FRIEND: hope not. 28 in nyc should not be married unless he ran from Utah recently

yeah, this is a woman who knows her stuff.

Beautiful

No.. not inspiring or beautiful at all. Dang. In such a I-Want-To-Live-In-Paris funk. Directed by Sofia Coppola.

Sunday, January 11, 2009

Convo with Dad

ME: I had another dream about Lindsay Lohan last night. What do you think it means?

MY DAD: Well she's cute...

ME: Are you saying that I'm a lesbian.

MY DAD: Maybe.

Saturday Night Dream

This isn't terribly significant but I wanted to record my dream before I forget. Bits and pieces.. that I was Lindsay Lohan's roommate. I swear this is the third time that girl has made it into my dream! And that Mischief the cat was living with us but that she got another kitten for Mischief. And it was the cutest thing ever. The other kitten was sleeping in his lap and they both looked beyond happy. I now there's more but now I can't remember but it's okay. Most important is Lindsay Lohan + Cats.

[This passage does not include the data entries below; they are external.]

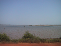 We overnachten bij de Lac Rose. Ik heb zin om te baden want het water is even zoutig al de Dode Zee en dat moet een speciaal effect hebben om te zwemmen, maar de grond is kleverig en de helling is zwak.
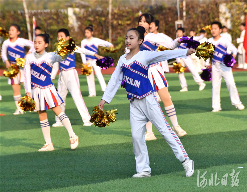 2020年11月19日,在河北省邯郸市永年区洺州中学,学生们正在进行花球啦啦操项目展示。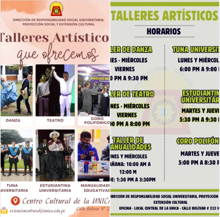 La Dirección de RSU, Proyección social y Extensión cultural invita a todos los estudiantes universitarios a participar de los Talleres Artísticos 2025, una oportunidad para explorar y desarrollar tus habilidades a través de los talleres de: danza, manualidades, teatro, coro polifónico, tuna y estudiantina.

hmm. Happy Sunday! And football watching!

Saturday, January 10, 2009

Charlotte Gray and Purple


Wow, there's nothing like a best friend who knows you better than yourself. Yes, as my WCS pointed out, most of my stylish ladies were wearing purple. Hey.. I had a limited selection of photos. There are only so many times I can candidly photograph people without them questioning my motives.

Oy, just saw Charlotte Gray. Was absolutely a beautiful film that kept me on the edge of my seat. I definitely cried hysterically out loud a few times. Any World War II film/ holocaust tends to have that effect on me. The absolute cruelty of the Nazis continues to upset and astound me. I, like everyone else of course, thinks Hitler should rot in hell and feel the pain that he caused for all eternity. I wonder if he does feel anything. That's one event in history that questions my "everything happens for a reason" theory.

And just as moving, also related to Germany- I saw Spring Awakening last night. The music and energy was great. I liked the "rock opera" feel that was somehow more timeless than Rent despite it taking place in the early part of the 20th century. In some ways, the musical paralleled Charlotte Gray in that it demonstrated how with love comes pain. But that in the end, you'll get through the pain and love is what really matters.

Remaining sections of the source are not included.